Monday, October 7, 2013

8 Dangers of Owning Property as Joint Tenants

Minneapolis Estate Planning Lawyer Cautions Clients on Joint Ownership of Property

One of the most common questions I am asked is whether someone should add another person to the deed to their home (or other property).  Below I discuss some of the concerns I have with joint ownership of property.

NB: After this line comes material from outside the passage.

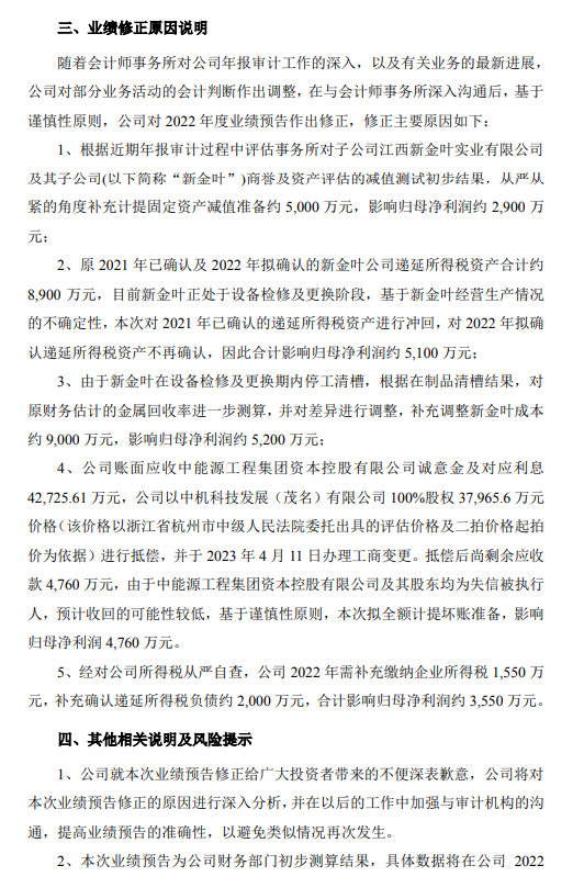 金圆股份还提到公司账面应收中能源工程集团资本控股有限公司诚意金及对应利息42725.61万元,公司以中机科技发展(茂名)有限公司100%股权37965.6万元价格进行抵偿,并于2023年4月11日办理工商变更。抵偿后尚剩余应收款4760万元,由于中能源工程集团资本控股有限公司及其股东均为失信被执行人,预计收回的可能性较低,基于谨慎性原则,本次拟全额计提坏账准备,影响归母净利润4760万元。

“Joint Tenancy With Right of Survivorship” means that each person has equal access to the property. When one owner dies, that person’s share immediately passes to the other owner(s) in equal shares, without going through probate. We’ve all been told that Joint Tenancy is a simple and inexpensive way to avoid probate, and this is sometimes true. But the tax and legal problems of Joint Tenancy ownership can be mind-boggling. The dangers of Joint Tenancy include the following:

Danger #1: Only Delays Probate. When either joint tenant dies, the survivor -- usually a spouse or a child -- immediately becomes the owner of the entire property. But when the survivor dies, the property still must go through probate. Joint Tenancy doesn’t avoid probate; it simply delays it.

Danger #2: Two Probates When Joint Tenants Die Together. If both of the joint tenants die at the same time, such as in a car accident, there will be two probate administrations, one for the share of each joint tenant in the Joint Tenancy property as well as any other property they each may own.

Danger #3: Unintentional Disinheriting. When blended families are involved, with children from previous marriages, here’s what could happen: the husband dies and the wife becomes the owner of the property. When the wife dies, the property goes to her children, leaving nothing for the husband’s children.

Danger #4: Gift Taxes. When you place a non-spouse on your property as a joint tenant, you make a gift of property every time that joint tenant takes property out of the account. For example, when a mother retitles her $80,000 home in Joint Tenancy with her son, she makes a gift to her son every time he makes withdrawals. This may not be the most efficient use of her $14,000 annual exclusion. The main point is that the gift is unintentional and not well planned. Worse, Minnesota now has a state gift tax that requires the person giving a gift of more than $14,000 in a year to file a state gift tax return.

Danger #5: Right to Sell or Encumber. Joint Tenancy makes it more difficult to sell or mortgage property because it requires the agreement of both parties, which may not be easy to get.

Danger #6: Financial Problems. If either owner of Joint Tenancy property fails to pay income taxes, the IRS can place a tax lien on the property. If either owner files for bankruptcy, the trustee can sell the property even though the other joint tenant is not otherwise involved in the bankruptcy.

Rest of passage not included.